A fundamental challenge in imperfect-information games is that states do not have well-defined values. As a result, depth-limited search algorithms used in single-agent settings and perfect-information games do not apply. This paper introduces a principled way to conduct depth-limited solving in imperfect-information games by allowing the opponent to choose among a number of strategies for the remainder of the game at the depth limit. Each one of these strategies results in a different set of values for leaf nodes. This forces an agent to be robust to the different strategies an opponent may employ. We demonstrate the effectiveness of this approach by building a master-level heads-up no-limit Texas hold’em poker AI that defeats two prior top agents using only a 4-core CPU and 16 GB of memory. Developing such a powerful agent would have previously required a supercomputer.

Nguồn: https://zagran-tour.com/

Xem thêm bài viết khác: https://zagran-tour.com/game/

Am I correct in assuming that the blueprint if it was computed in just 700 hours was very very coarse-grained?

So the depth-limited real-time solving just works well even with this coarse-grained blueprint? Seems super powerful if that's correct.

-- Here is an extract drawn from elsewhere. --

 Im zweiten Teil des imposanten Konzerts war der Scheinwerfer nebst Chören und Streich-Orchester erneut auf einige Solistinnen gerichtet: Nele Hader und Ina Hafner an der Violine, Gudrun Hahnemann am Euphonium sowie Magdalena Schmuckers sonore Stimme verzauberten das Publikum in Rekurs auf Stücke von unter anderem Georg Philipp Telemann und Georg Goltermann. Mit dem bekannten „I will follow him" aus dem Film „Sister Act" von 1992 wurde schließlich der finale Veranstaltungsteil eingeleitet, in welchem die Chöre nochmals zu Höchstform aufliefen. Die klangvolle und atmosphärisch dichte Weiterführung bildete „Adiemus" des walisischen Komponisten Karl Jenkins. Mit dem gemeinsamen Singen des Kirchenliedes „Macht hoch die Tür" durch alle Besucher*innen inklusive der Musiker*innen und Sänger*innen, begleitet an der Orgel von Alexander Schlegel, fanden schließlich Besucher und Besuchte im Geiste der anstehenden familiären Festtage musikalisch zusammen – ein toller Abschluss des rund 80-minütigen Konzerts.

Have you written about how you guys performed information abstraction in poker?

When doing monte carlo rollouts to estimate the values of playing the strategies after subgame leaf node, are you sampling player strategies or just chance nodes? Does this need to be done for every iteration of cfr?

When the opponent chooses an action that is not in the blueprint, you add it to the subgame. To estimate the values of the strategies after this subgame leaf node, you need to map it to a node in the blueprint. The size of the pot in the new subgame node will be different from the size of the pot in the blueprint node that it is mapped to. When evaluating the values of the strategies, is this new pot size "passed down" and used to when calculating the payoffs at the terminal nodes of the blueprint?

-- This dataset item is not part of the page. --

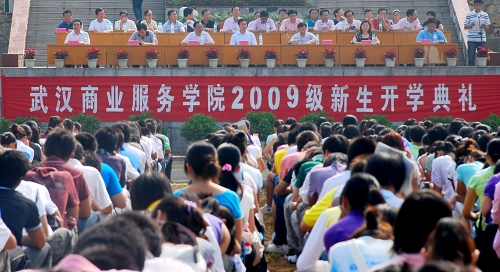 金秋时节,天高气爽。在这收获的季节,3000多名新生从祖国的四面八方齐聚到了美丽的武汉商业服务学院。9月3日上午,pg电子官网2009级新生开学典礼在南区操场上隆重举行。

For example, The pot is 4 big blinds and the blueprint has a 2 big blind bet and a 4 big blind bet. You want to add a 5 big blind bet to your subgame. You'd map it to the 4 big blind node in the blueprint, and the strategies after the subgame leaf node would be the same strategies as 4 big blind bet. When calculating the values of the strategies, the 5 big blind bet may have different values than the 4 big blind bet, because the pot is larger at the terminal nodes. (Say after the bet, there is one more bet of half pot and then reaches showdown. The pot after the 5 big blind bet would be 4+5+ 4.5, whereas the pot after the 4 big blind bet would be 4 + 4 + 4)

edit* actually I think I understand now that you calculate the values as a percentage of the pot in the blueprint and then multiply that by the size of the pot in the subgame

I have watched the long presentation on microsoft too but I have some questions.

1) practically depth limited means that you are playing until the preflop and flop but not calculating for the turn and river!?

2) is there another difference between modicum and deepstack except that modicum is calculating to depth limited while deepstack is calculating till the end?

3) a new strategy for the opponent is a new bet size or new range that he plays?

In poker, how do you estimate the values that aren't in the blueprint strategy? The paper gave a simple and clean example where we had the value vs 0.5 psb and the value vs a 1 psb, and it took the average. Do you use linear regression for any size? So if the blueprint strategy has values for 0.25, 0.5, and 1, and we're trying to estimated value of a 1.5 psb, do you just use linear regression using all of the sizes that we have? Is it important to have many sises at each node to get accurate estimated values?

Can P2 choose between a mix of his leaf-node policies?

ID LOVE to see-hear more for modicum..a ii general for AI s ..the more people knows the more value for your field

These videos are incredibly helpful towards understanding your work! Thank you very much for that! 🙂

You should have more views. Thanks for this.